Although the current results indicate that the predictive ability of ML models appears satisfactory, there are some methodological flaws or limitations to the inclusion of the original study. First, the ML models with different times of death were combined separately in the current study, and their discriminatory performance was assessed according to C-index and accuracy. Still, most risk models were not constructed with overfitting in mind. Second, a large amount of risk model data was derived from retrospective case–control studies and primarily generated training and validation cohorts at a certain ratio (e.g., 7/3) without external validation using an utterly new validation cohort. In addition, the modeling methods of most studied ML models are not clearly described, such as insufficient disclosure of information on hyperparameter tuning and external validation of ML algorithms. The development of predictive models helps in clinical decision-making and resource allocation. However, the risk of bias, reproducibility, and potential usefulness of predictive models can only be fully assessed if the modeling steps of predictive models are adequately and clearly reported [90]. The transparent reporting of a multivariable prediction model for individual prognosis or diagnosis (TRIPOD) statement presents a list of 22 items, thereby increasing the transparency of predictive modeling studies91. We strongly recommend detailed and standardized reporting of predictive models according to the TRIPOD statement, which not only helps to improve the quality of ML models but also helps to assess their reliability and increase their credibility.

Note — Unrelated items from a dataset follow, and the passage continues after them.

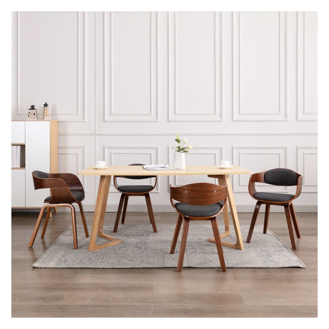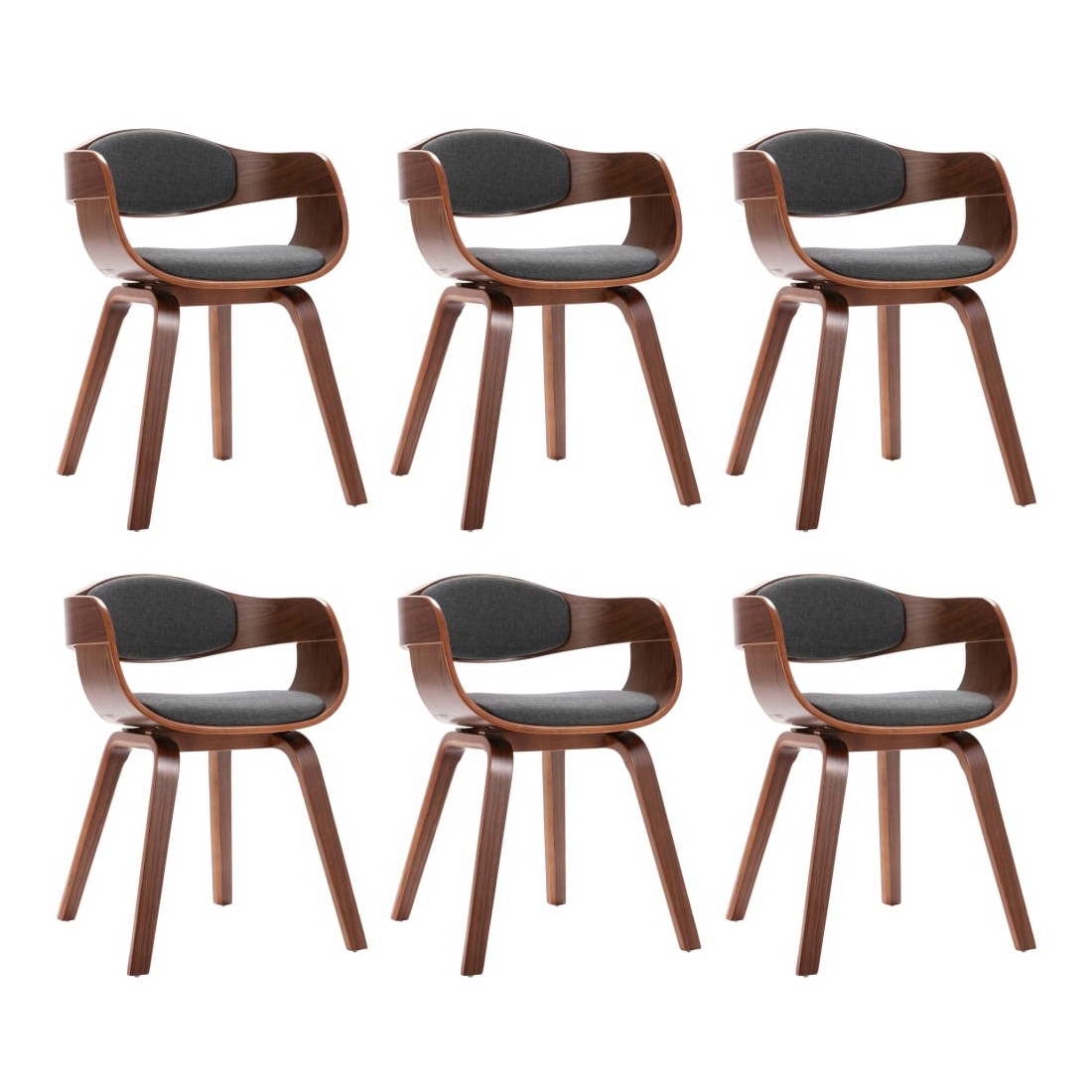 Chaises à manger lot de 6 bois courbé et tissu gris
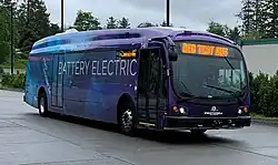 Metro began testing three new Proterra Catalyst battery electric buses in 2015.[27] The coaches are capable of traveling over 26 miles[28] before the battery needs to be recharged. A special fast charge station located at the Eastgate Park and Ride allow the bus to be fully recharged in under 10 minutes, during the driver's normally scheduled layover.[29] These new vehicles get the equivalent of 20.8 MPG, which is over 6 times better than the 3.18 MPG seen on Metro's series hybrid electric coaches.[30][31] The coaches were purchased with support from a $4.7 million Federal Transit Administration grant and entered revenue service on February 17, 2016.[32] They operate on shorter routes (due to their limited range) on the eastside, specifically Routes 226 and 241.[30][33] Metro has committed to purchasing 120 electric buses with the option to purchase up to 80 additional vehicles by 2020. In 2017 and 2018, Metro tested electric buses with ranges of 140 miles from several manufacturers,[34] and plans to have a zero-emissions bus fleet by 2040.
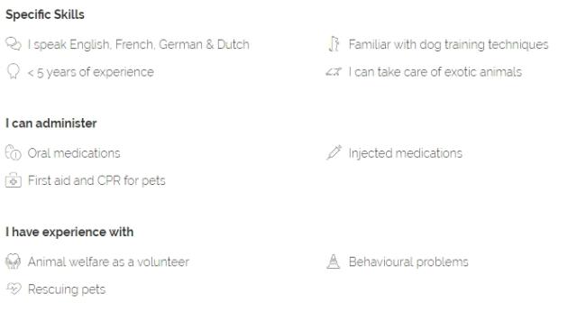 You're not only fond of animals, you also have extensive experience in their care. This could be in either a professional or a personal capacity: perhaps you've had dogs or cats of your own for many years, for example. Make sure that your specific expertise matches the services you intend to promote: if you have an in-depth knowledge of cats, it clearly doesn't make sense to offer a dog walking service. Provide full details of your experience with animals and precisely what that entailed in your profile, and don't forget to highlight relevant skills, such as dog training, first aid, dealing with behavioural problems and so on.
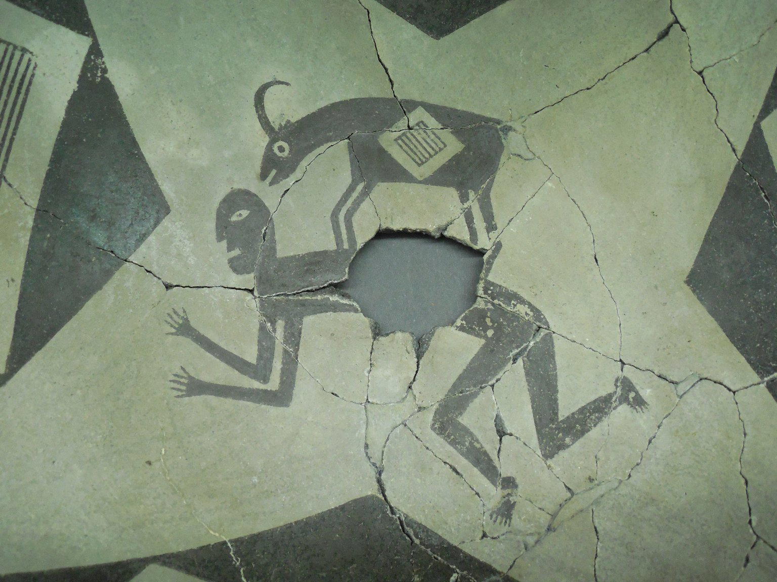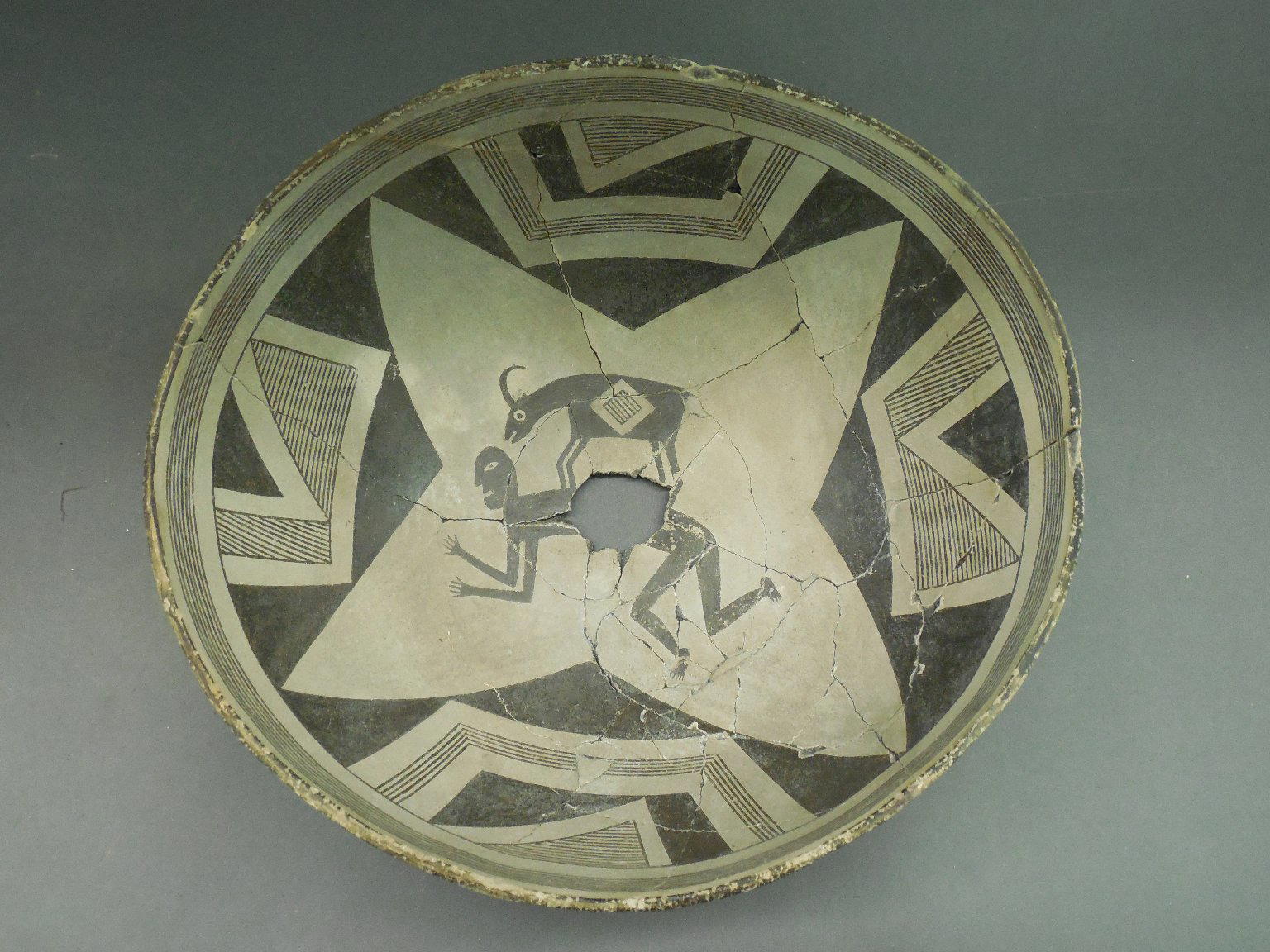 All that remains of Mimbres villages are rubble mounds with scattered pottery shards. No one knows if the Mimbres moved or who their descendants might be. Mimbres potters, probably women, created sophisticated designs for six hundred years. The pottery objects that have survived are primarily executed in black and white with complicated designs. Some of the best pottery pieces apparently had holes deliberately punched into their centers before they were placed in burials underneath house floors, but we do not know why.
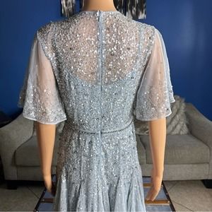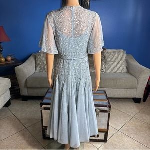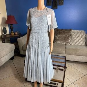 Mac Duggal 93655 Powder Blue Cape Sleeve Beaded Tea Length A-Line Dress 6 NWT
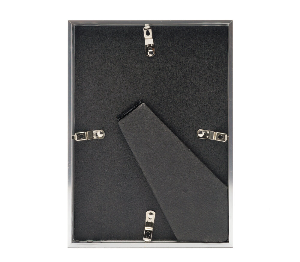 Металлическая рамка серебряного цвета для фотографий размером 15х20 см. Внутренняя вставка позволяет использовать ее в качестве паспарту для фотографий формата 10х15 см. Рамка имеет ножку-подставку для размещения на горизонтальных поверхностях и настенное крепление.
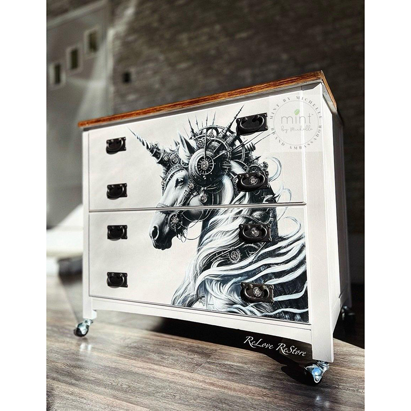 Το ιδανικό μέγεθος χαρτιού και εκτύπωση έχουν φροντιστεί επιμελώς από τη Michelle, ιδιοκτήτρια της MINT, και είναι το αποκορύφωμα χρόνων δουλειάς με χαρτιά decoupage και μεταμορφώσεων επίπλων με σκοπό την μοναδικότητα, το στυλ και την καλλιτεχνική αρτιότητα.
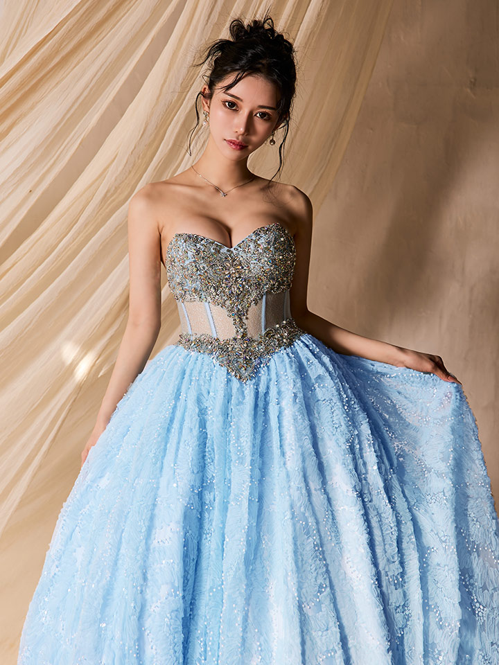 贅沢なビジュー使いが高級感溢れるプリンセス仕様のウエディングドレス。
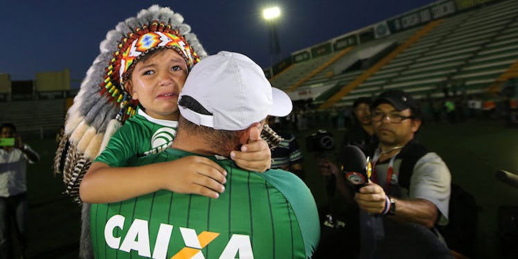 A heartbreaking photo has emerged showing a boy sitting alone in Chapecoense's Arena Conda stands after a plane crash claimed the lives of the soccer team's players.

Although we acknowledge the limitations of the original study, we believe that our meta-analysis still has some merit and clinical relevance. First, this is the first meta-analysis to systematically assess the predictive value of ML models for death at different times in patients with ACS. Second, we ranked the model variables of the original study according to importance, providing the most valuable variables for predicting ACS death, complementing variables not included in the GRACE risk score, which can guide further development of mortality risk models. In addition, the original studies included in our systematic review used different authoritative databases, including the MIMIC-III database and multiple national registry databases for acute myocardial infarction. The extensive use of different databases adds to some extent to the reliability of our results.

Conclusion

Risk stratification of ACS patients is crucial for the early identification of high-risk patients to provide effective interventions. The ML model is a good prediction tool for predicting the long-term and short-term mortality risk in ACS patients. The commonly used predictors were age, sex, systolic blood pressure, serum creatinine, Killip classification, heart rate, diastolic blood pressure, blood glucose, and hemoglobin. These can guide future risk scoring systems’ development or update.